Das übliche – Filesharing-Abmahnung, hier wegen eines Filmwerks. Die Klägerin erhob Klage auf Ersatz der Abmahnkosten.
Zum Zeitpunkt der behaupteten Rechtsverletzung lebten mit dem abgemahnten un nun beklagten Anschlussinhaber dessen Ehefrau sowie die beiden volljährigen Kinder in häuslicher Gemeinschaft.
Wie entschied das AG Düsseldorf zur Haftung des Anschlussinhabers?
Das AG Düsseldorf wies die Klage ab.
Der beklagte Anschlussinhaber hafte nicht als Täter aus § 97 Abs. 2 UrhG, da nicht feststehe, dass er Täter der behaupteten Rechtsverletzung war. Die tatsächliche Vermutung der Alleinnutzung des Anschlusses durch den Beklagten sei bereits dadurch widerlegt, dass die Ehefrau des Beklagten sowie die volljährigen Kinder im Haushalt wohnen und freien Zugriff auf den Internetzugang hatten. Weitergehender Feststellungen, insbesondere zum Umfang der zeitlichen Nutzung des Anschlusses, bedürfe es zur Widerlegung der tatsächlichen Vermutung nicht.
Für den Wegfall der tatsächlichen Vermutung genüge bereits die reine Zugriffsmöglichkeit. Darüber hinaus lasse bereits das gemeinsame familiäre Zusammenleben im Haushalt die Grundlagen der tatsächlichen Vermutung entfallen. Es entspreche der Lebenserfahrung, dass im Haushalt des Anschlussinhabers lebende weitere Personen – erst recht, wenn es sich um die Ehefrau und volljährige eigene Kinder handelt – freien Zugriff auf einen dort vorhandenen Internetanschluss haben und hiervon auch Gebrauch machen.

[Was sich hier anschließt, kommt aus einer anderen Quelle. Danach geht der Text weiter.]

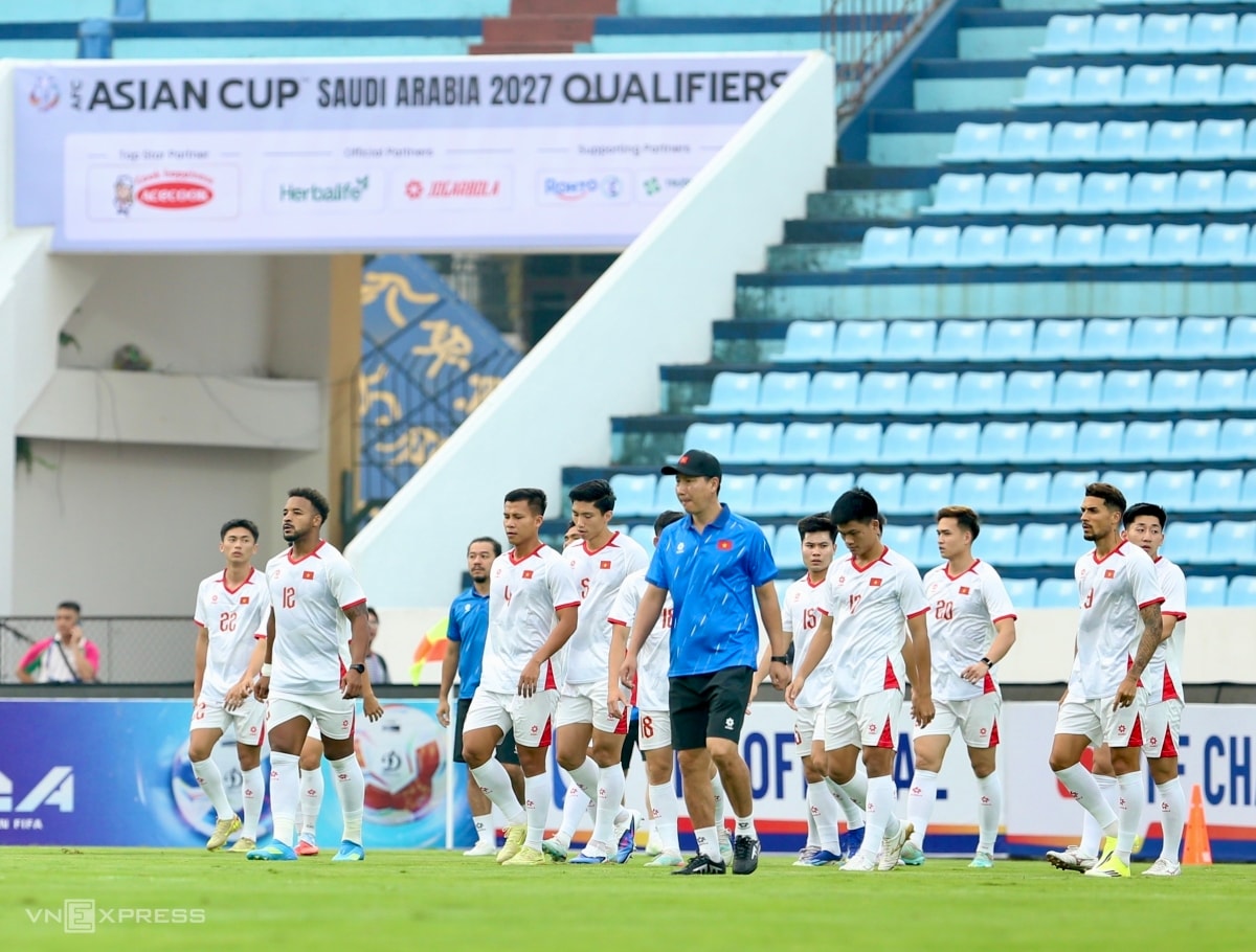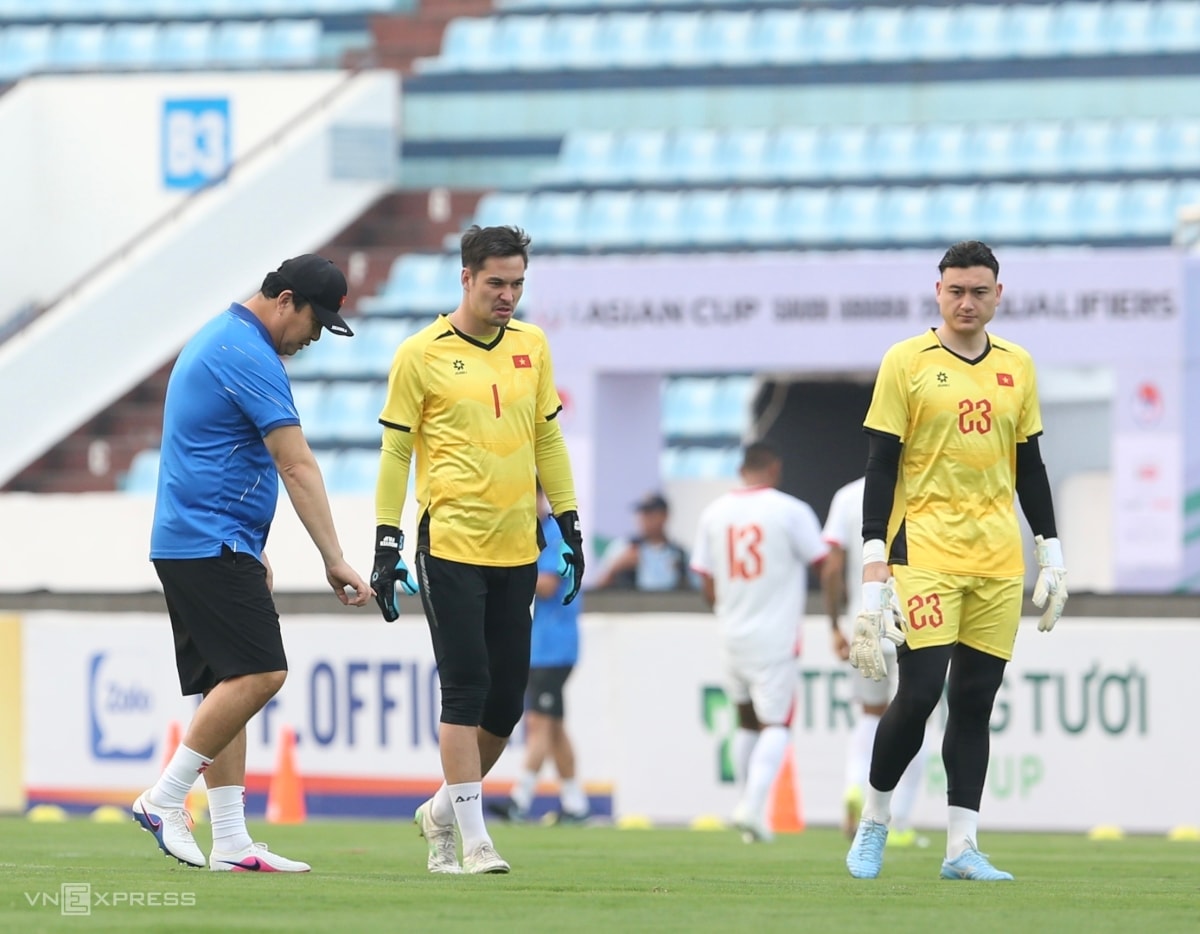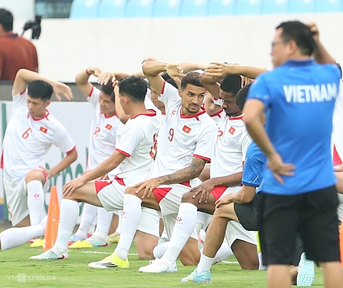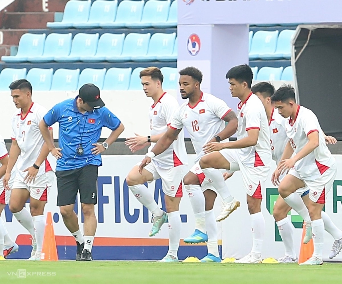Khuất Văn Khang là trường hợp duy nhất gặp vấn đề thể trạng và phải tập riêng chiều nay. Tiền vệ sinh năm 2003 bị nhiều người hâm mộ chỉ trích trên mạng xã hội sau những pha xử lý thiếu chính xác ở hiệp hai trận thắng Bangladesh.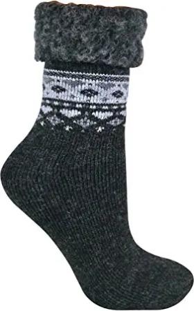 Damen Kuschelsocken mit Wolle Warm Thermo Bettsocken für Winter | Socken mit Norwegermuster (37-42, Grau)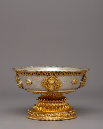 One of the main rituals in Buddhist ceremonies, devotional offering, is symbolized by the Serkyem Set in Buddhist symbolism. This set's offering bowls are used to ask for divine benefits; each offering represents thankfulness, purity, and the removal of barriers. While the silver plating raises the object's spiritual vibration, the gold plating represents the object's noble and enlightened state. With its two-tiered structure, the set's design might be seen as symbolizing the dual character of the Buddhist path, which is compassion and wisdom, both of which are necessary for enlightenment and spiritual development.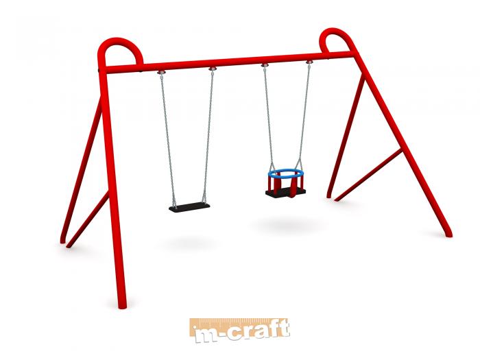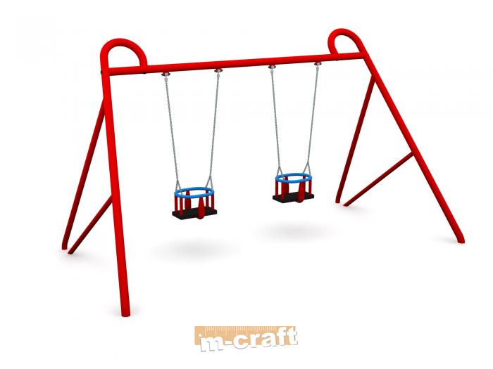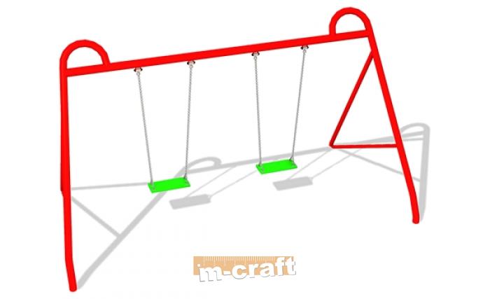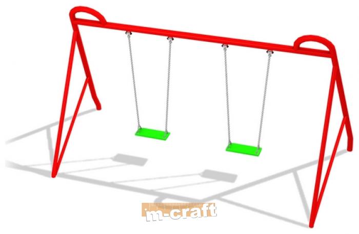 Double Flat Seat Swing Set, h 2 m, In-Ground Mount, Hot-Dip Galvanized & Painted Steel & Plastic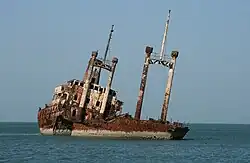 | Tiran | ![]() The cargo ship, on a voyage from Banjul, Gambia to Las Palmas, Gran Canaria, Spain, foundered 1.5 nautical miles (2.8 km; 1.7 mi) off Joal, Senegal and became a wreck on Palmarin Beach.[67][68] |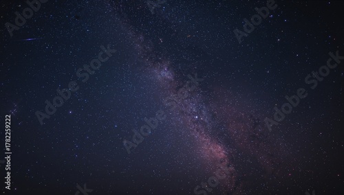 © Emin, Naklejka premium A bright flash illuminates the night sky, horizontal backdrop featuring a starry expanse and vibrant golden-red galaxy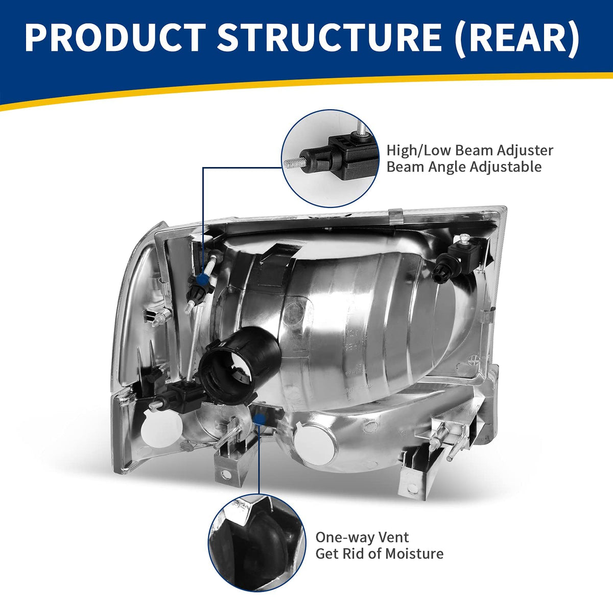 Q: How does the waterproof feature of this headlight assembly work?A: The headlight assembly is fully sealed with solid silicon and designed with one-way vents to prevent moisture from being trapped inside, ensuring durability in various weather conditions.

Auch Störerhaftung scheide aus. Der beklagte Anschlussinhaber müsse also auch nicht nach §§ 97 Abs. 1, 97a UrhG die Abmahnkosten erstatten. Eine Störerhaftung setze nach dem Urteil des Bundesgerichtshofs vom 12.05.2010, Az. I ZR 121/08 „Sommer unseres Lebens“ Überwachungspflichten voraus. Derartige Überwachungspflichten ergäben sich jedoch nicht bereits aus der Anschlussinhaberschaft als solcher, sondern bestünden nur in dem Umfang, wie sie sich aus anderen Vorschriften, insbesondere der zivilrechtlichen Aufsichtspflicht, ergeben. Weder gegenüber der Ehefrau noch gegenüber volljährigen Kindern bestünden zivilrechtliche Aufsichts- und Überwachungspflichten. Somit bestehe auch keine Pflicht, diese Familienmitglieder das Verbot von Urheberechtsverletzungen zu bestehen. Deswegen bestehe kein Raum für eine Störerhaftung.
Welche Auswirkung hat das Filesharing-Urteil des AG Düsseldorf auf die Praxis?
Das Urteil enthält keine revolutionär neuen Ergänzungen der Filesharing-Rechtsprechung. Es ergänzt und schärft aber die Tendenz der jüngeren Rechtsprechung sowohl zum Umfang der Beweislast des Anschlussinhabers wie auch zum Umfang von dessen Überwachungspflichten gegenüber Familienmitgliedern.
Entscheidend ist: Der Anschlussinhaber muss nicht beweisen, wer über den Familienanschluss tatsächlich Filesharing betrieben hat. De Anschlussinhaber muss nur darlegen, ob und welche weiteren Familienmitglieder den Internetanschluss mit benutzen durften.
Filesharing-Abmahnungen als Möglichkeit, nur mit immer gleichen Textbausteinen im Massenverfahren viel Geld zu verdienen, als Geschäftsfeld, auf dem die Leistungsfähigkeit der Druckmaschine manchmal wichtiger zu sein scheint als der Kopf des Anwalts, gehen in ihrer bisherigen Form ihrem Ende entgegen.
Für abgemahnte Anschlussinhaber wird damit wieder einmal bestätigt, dass es bis dorthin ratsam ist, rechtlichen Beistand einzuholen und den Sachverhalt präzise aufzuarbeiten, bevor vorschnell eine strafbewehrte Unterlassungserklärung mit ihrer 30-jährigen Bindungsdauer abgegeben wird.